> [Task statement]: Without copying any picture, transcribe exactly the lines of the data below from the one containing "Backpack A is" through the one containing "ボタンから新規Project".

> [Material for this exercise]:
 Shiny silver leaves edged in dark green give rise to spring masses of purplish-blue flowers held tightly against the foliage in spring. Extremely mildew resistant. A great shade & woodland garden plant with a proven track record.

...

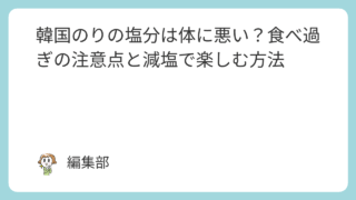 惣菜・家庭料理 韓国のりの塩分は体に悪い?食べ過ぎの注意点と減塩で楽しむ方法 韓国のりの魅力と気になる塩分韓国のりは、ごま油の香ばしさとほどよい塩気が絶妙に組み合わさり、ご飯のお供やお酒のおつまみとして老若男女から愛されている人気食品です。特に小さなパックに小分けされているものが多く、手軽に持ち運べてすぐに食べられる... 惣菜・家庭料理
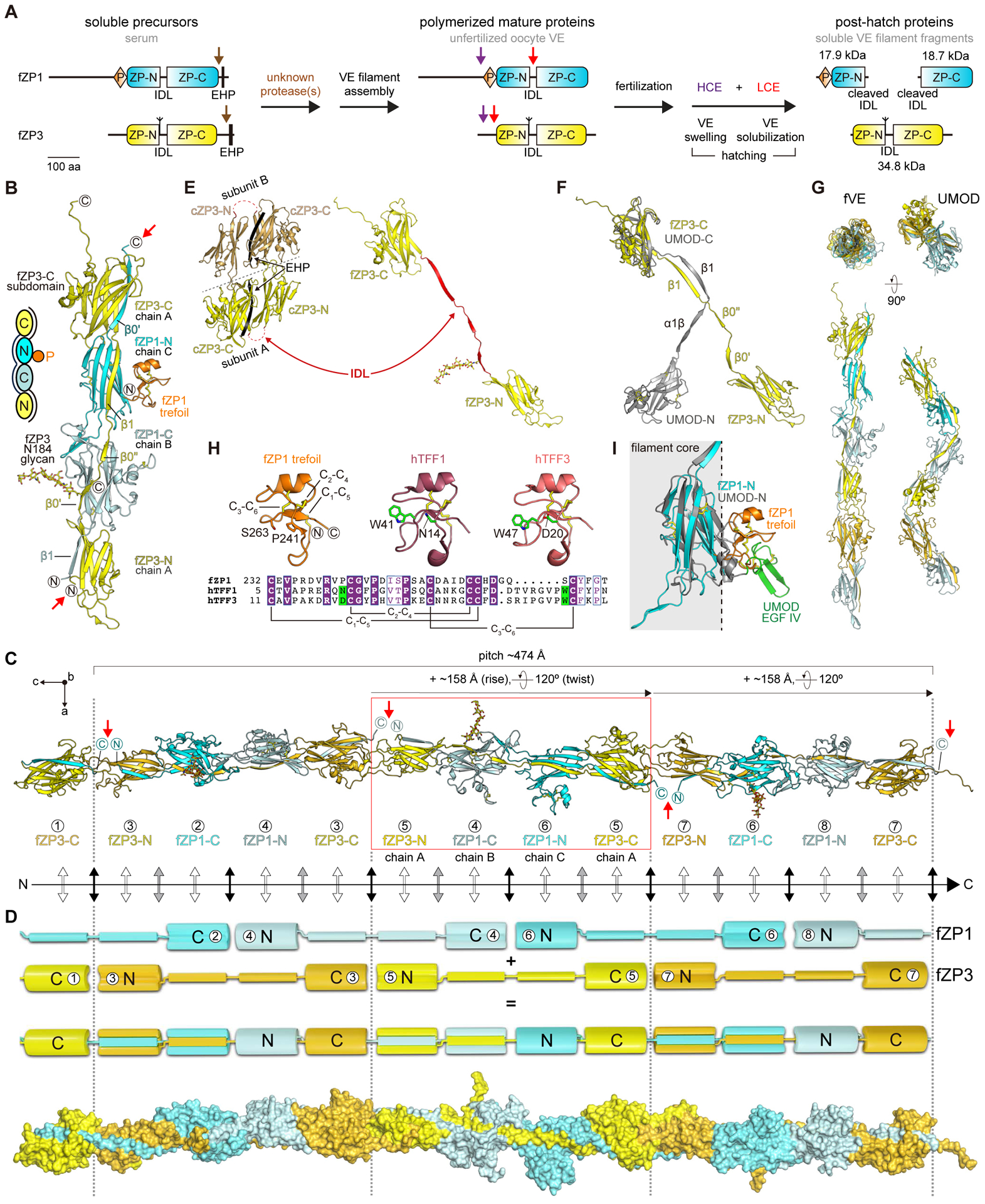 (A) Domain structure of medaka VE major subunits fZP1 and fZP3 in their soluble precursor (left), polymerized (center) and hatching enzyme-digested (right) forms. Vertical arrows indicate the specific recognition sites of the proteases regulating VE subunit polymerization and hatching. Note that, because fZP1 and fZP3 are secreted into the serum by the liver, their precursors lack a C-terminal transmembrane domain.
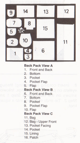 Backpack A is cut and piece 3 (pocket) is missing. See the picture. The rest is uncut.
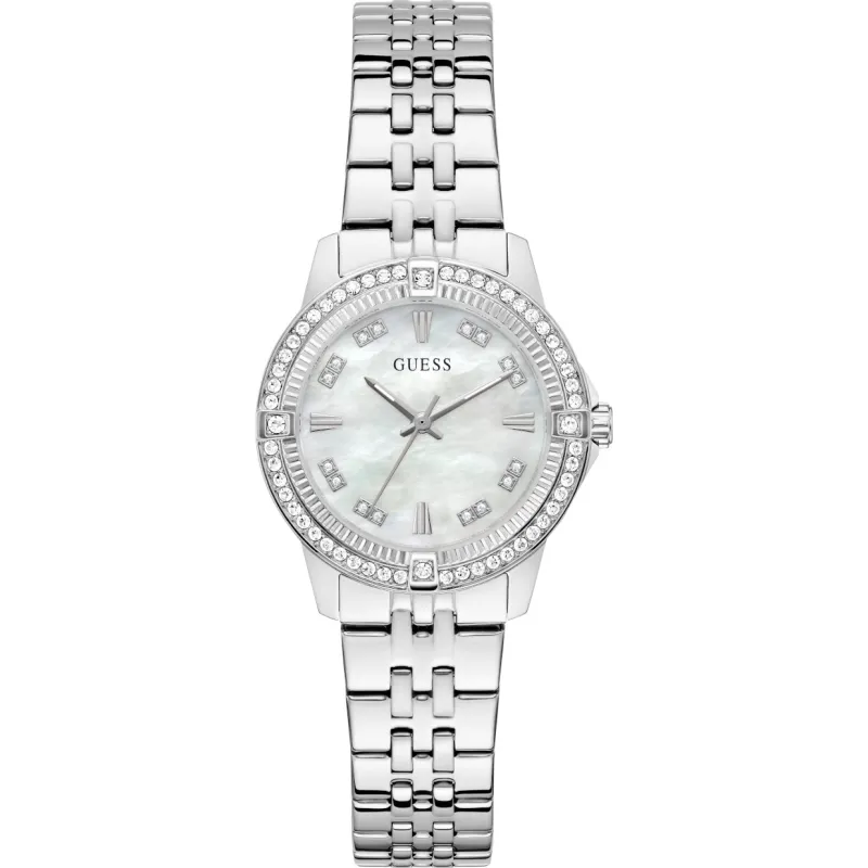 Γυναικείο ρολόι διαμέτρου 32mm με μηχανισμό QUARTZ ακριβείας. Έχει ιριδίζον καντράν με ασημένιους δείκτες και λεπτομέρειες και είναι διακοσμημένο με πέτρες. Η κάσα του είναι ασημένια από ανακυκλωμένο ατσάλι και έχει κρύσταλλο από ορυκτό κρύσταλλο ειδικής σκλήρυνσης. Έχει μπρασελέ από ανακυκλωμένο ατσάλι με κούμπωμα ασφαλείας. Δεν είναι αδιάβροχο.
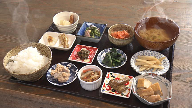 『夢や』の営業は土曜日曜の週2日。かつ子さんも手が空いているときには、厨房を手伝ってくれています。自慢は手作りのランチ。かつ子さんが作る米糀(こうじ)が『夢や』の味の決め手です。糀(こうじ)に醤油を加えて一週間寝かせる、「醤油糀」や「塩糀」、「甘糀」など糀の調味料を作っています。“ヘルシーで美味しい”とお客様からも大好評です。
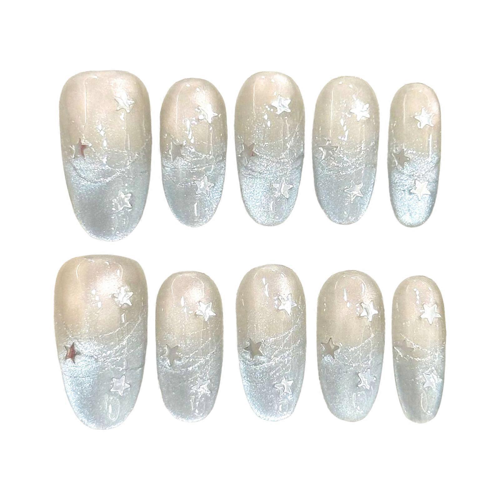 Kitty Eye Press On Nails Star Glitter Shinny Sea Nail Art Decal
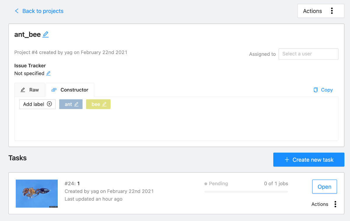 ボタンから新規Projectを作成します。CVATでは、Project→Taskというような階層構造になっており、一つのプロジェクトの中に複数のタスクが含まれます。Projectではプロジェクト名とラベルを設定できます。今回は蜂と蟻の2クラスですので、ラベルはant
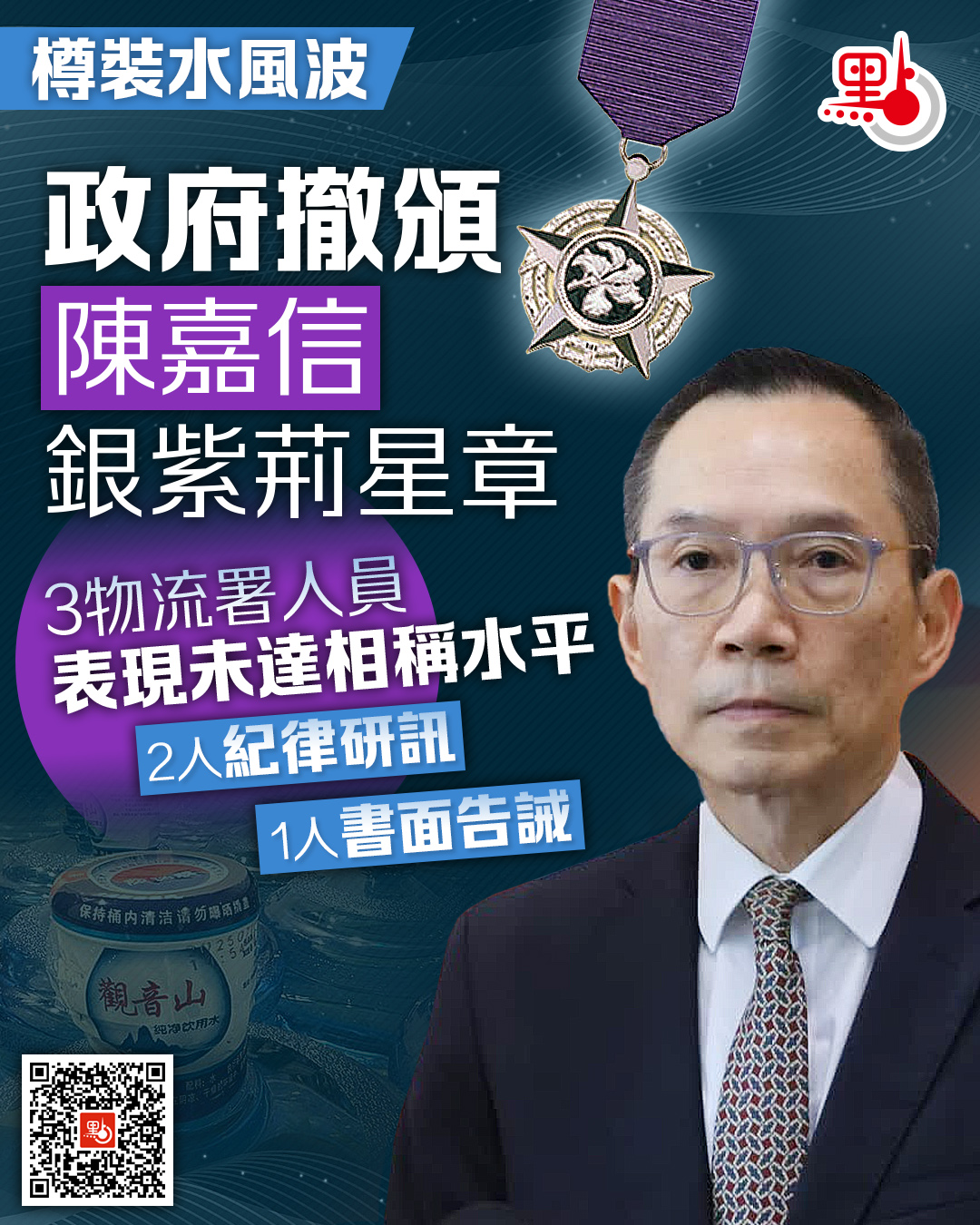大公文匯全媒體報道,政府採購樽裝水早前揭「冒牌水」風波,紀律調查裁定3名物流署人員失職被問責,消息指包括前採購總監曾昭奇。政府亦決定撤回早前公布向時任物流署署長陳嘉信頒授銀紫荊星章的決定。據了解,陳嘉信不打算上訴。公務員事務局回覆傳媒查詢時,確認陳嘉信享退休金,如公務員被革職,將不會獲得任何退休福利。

==

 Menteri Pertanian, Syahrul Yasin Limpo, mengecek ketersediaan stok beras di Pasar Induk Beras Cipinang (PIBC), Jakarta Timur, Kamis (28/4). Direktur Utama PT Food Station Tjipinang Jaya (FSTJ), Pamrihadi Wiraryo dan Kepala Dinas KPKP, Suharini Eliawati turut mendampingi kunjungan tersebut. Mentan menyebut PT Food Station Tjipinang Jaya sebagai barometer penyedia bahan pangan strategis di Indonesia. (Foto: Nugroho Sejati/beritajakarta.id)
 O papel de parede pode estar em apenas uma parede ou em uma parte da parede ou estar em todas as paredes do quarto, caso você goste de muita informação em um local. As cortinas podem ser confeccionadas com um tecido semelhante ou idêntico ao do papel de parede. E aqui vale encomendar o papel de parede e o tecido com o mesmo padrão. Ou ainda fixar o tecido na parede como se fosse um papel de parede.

> [The completed task]:
 Backpack A is cut and piece 3 (pocket) is missing. See the picture. The rest is uncut.
 Γυναικείο ρολόι διαμέτρου 32mm με μηχανισμό QUARTZ ακριβείας. Έχει ιριδίζον καντράν με ασημένιους δείκτες και λεπτομέρειες και είναι διακοσμημένο με πέτρες. Η κάσα του είναι ασημένια από ανακυκλωμένο ατσάλι και έχει κρύσταλλο από ορυκτό κρύσταλλο ειδικής σκλήρυνσης. Έχει μπρασελέ από ανακυκλωμένο ατσάλι με κούμπωμα ασφαλείας. Δεν είναι αδιάβροχο.
 『夢や』の営業は土曜日曜の週2日。かつ子さんも手が空いているときには、厨房を手伝ってくれています。自慢は手作りのランチ。かつ子さんが作る米糀(こうじ)が『夢や』の味の決め手です。糀(こうじ)に醤油を加えて一週間寝かせる、「醤油糀」や「塩糀」、「甘糀」など糀の調味料を作っています。“ヘルシーで美味しい”とお客様からも大好評です。
 Kitty Eye Press On Nails Star Glitter Shinny Sea Nail Art Decal
 ボタンから新規Projectを作成します。CVATでは、Project→Taskというような階層構造になっており、一つのプロジェクトの中に複数のタスクが含まれます。Projectではプロジェクト名とラベルを設定できます。今回は蜂と蟻の2クラスですので、ラベルはant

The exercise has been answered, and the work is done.